───── Input records ─────

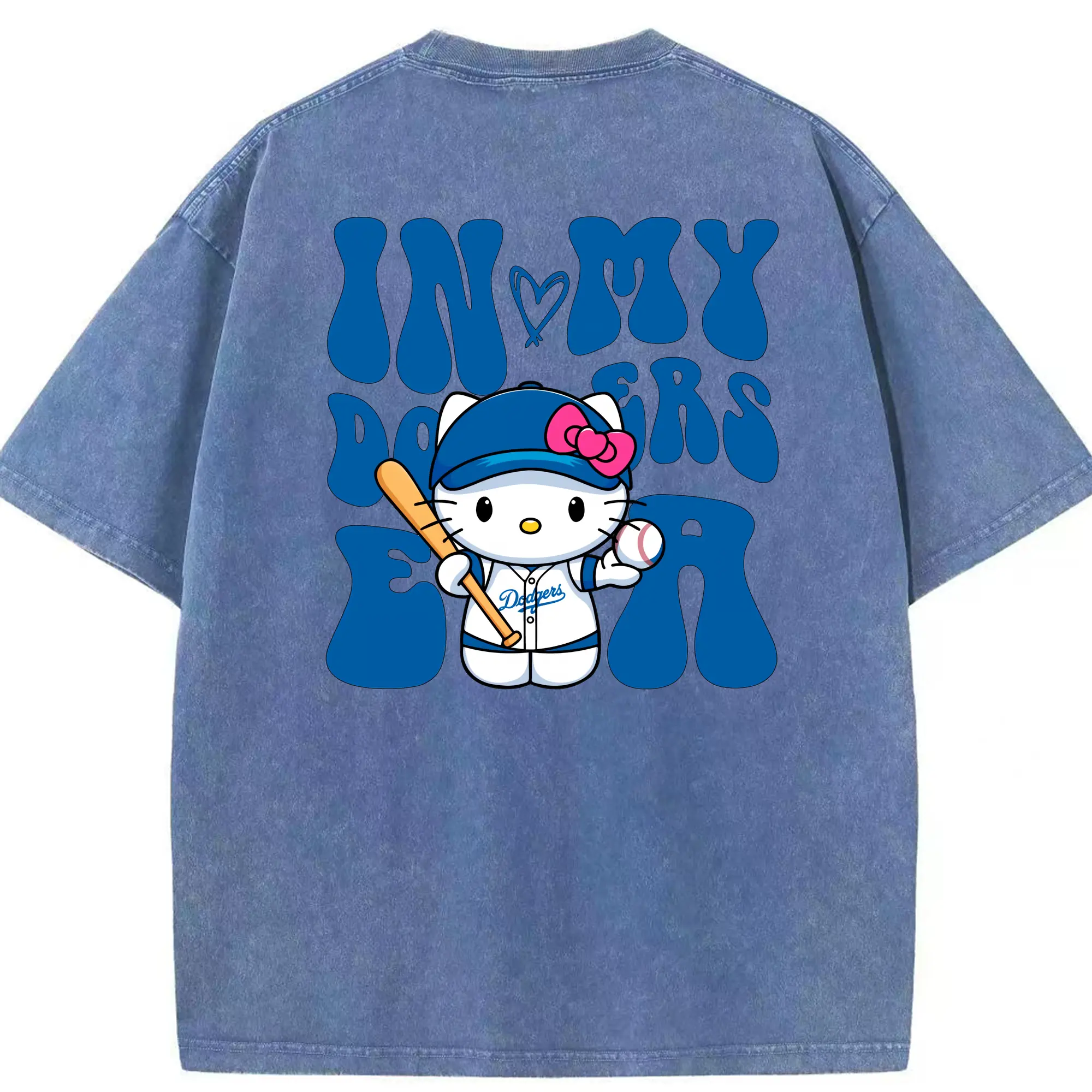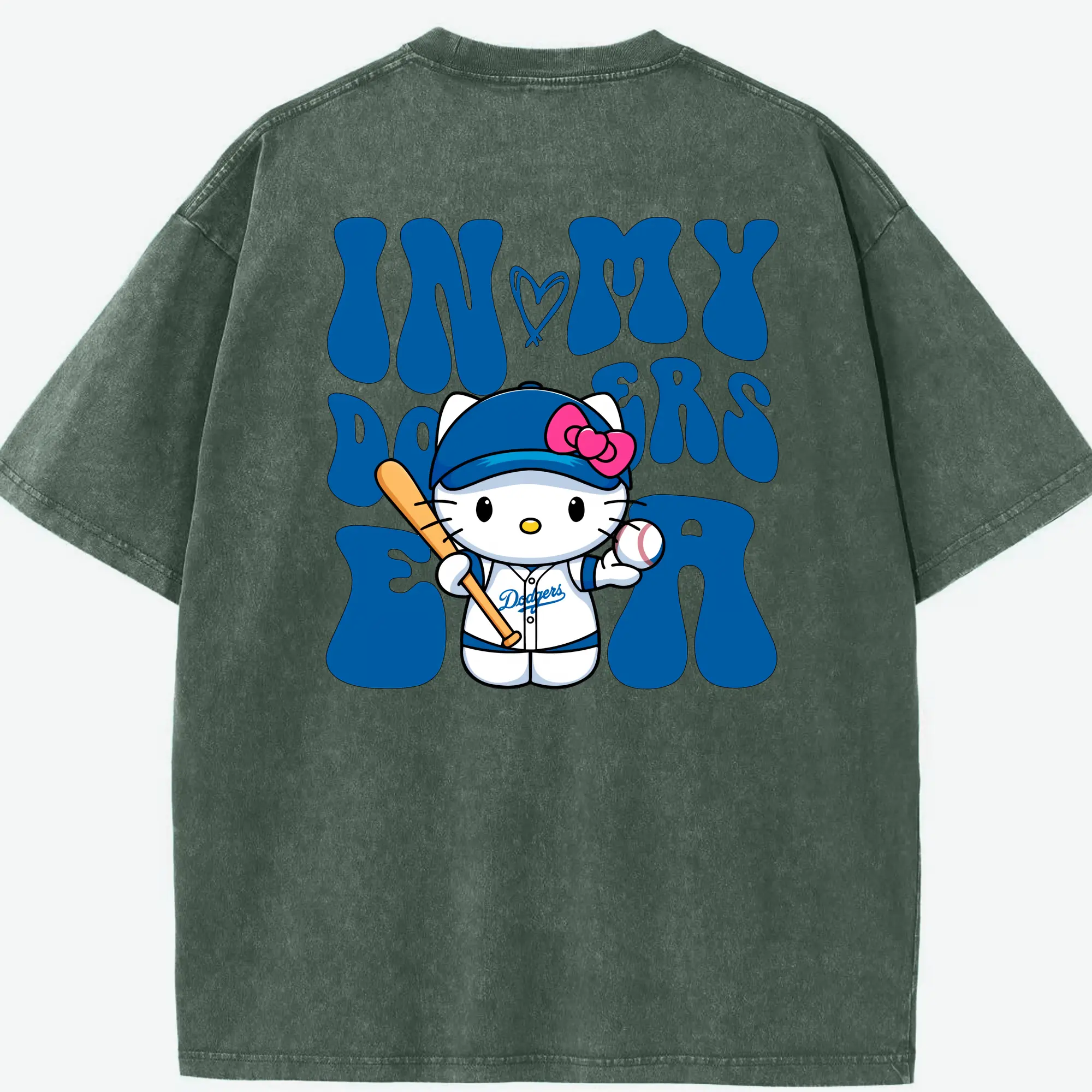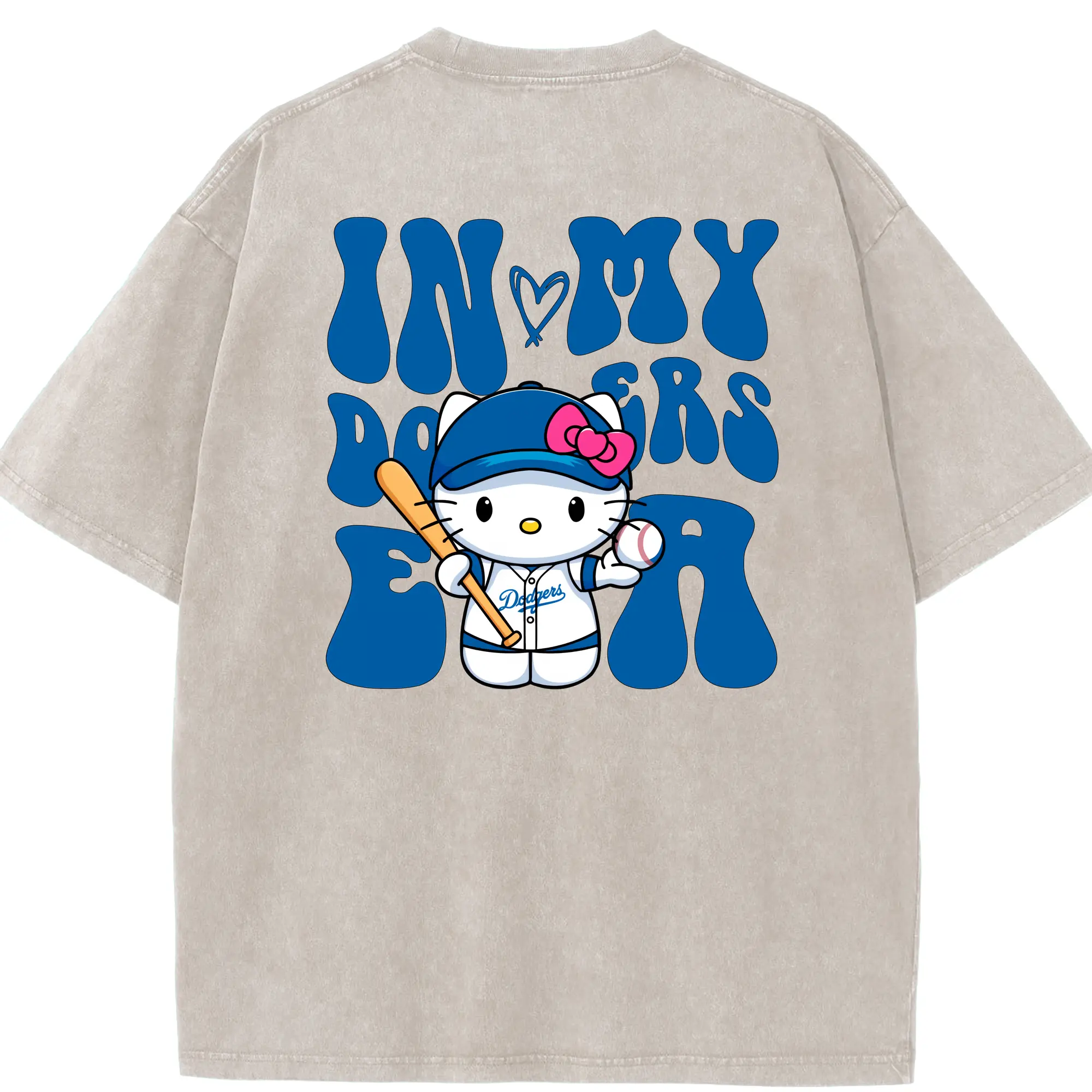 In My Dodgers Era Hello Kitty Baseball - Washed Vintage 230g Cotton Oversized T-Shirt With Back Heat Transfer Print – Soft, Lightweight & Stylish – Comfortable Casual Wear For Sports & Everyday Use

─────
───── Input records ─────

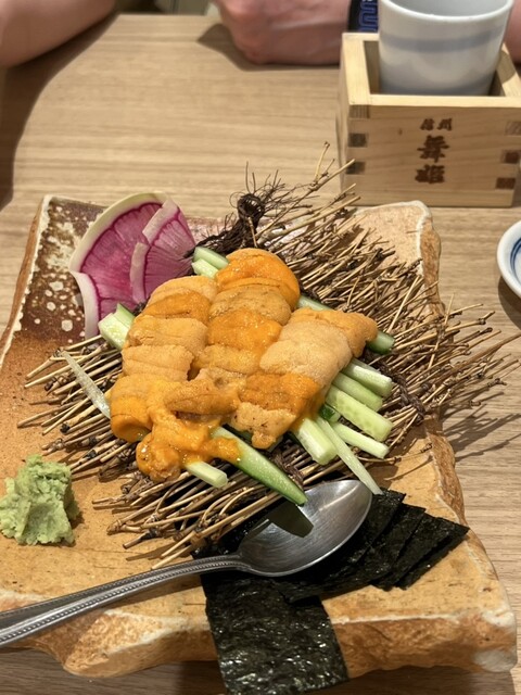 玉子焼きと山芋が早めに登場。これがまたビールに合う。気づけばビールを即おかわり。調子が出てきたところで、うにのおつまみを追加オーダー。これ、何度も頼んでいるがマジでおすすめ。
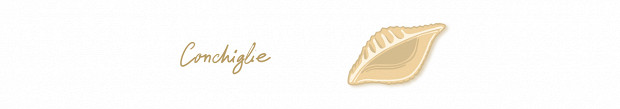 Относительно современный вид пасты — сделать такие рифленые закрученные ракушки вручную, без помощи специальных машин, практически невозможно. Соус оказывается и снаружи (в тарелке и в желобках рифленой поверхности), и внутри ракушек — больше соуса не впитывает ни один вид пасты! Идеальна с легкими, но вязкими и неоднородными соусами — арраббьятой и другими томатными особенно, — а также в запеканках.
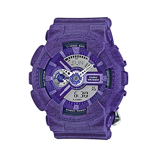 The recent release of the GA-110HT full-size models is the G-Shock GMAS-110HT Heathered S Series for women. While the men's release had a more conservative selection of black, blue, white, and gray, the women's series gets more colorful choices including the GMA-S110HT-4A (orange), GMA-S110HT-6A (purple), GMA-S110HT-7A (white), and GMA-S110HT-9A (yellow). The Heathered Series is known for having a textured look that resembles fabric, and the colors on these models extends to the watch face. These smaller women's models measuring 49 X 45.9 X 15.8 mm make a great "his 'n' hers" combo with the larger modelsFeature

─────

What you have to do:
Each line above that falls between the line with "玉子焼きと山芋が早めに登場。" and the line with "Относительно современный вид" should be printed exactly, together with those two lines, but the pictures should not.

Your response:
 玉子焼きと山芋が早めに登場。これがまたビールに合う。気づけばビールを即おかわり。調子が出てきたところで、うにのおつまみを追加オーダー。これ、何度も頼んでいるがマジでおすすめ。
 Относительно современный вид пасты — сделать такие рифленые закрученные ракушки вручную, без помощи специальных машин, практически невозможно. Соус оказывается и снаружи (в тарелке и в желобках рифленой поверхности), и внутри ракушек — больше соуса не впитывает ни один вид пасты! Идеальна с легкими, но вязкими и неоднородными соусами — арраббьятой и другими томатными особенно, — а также в запеканках.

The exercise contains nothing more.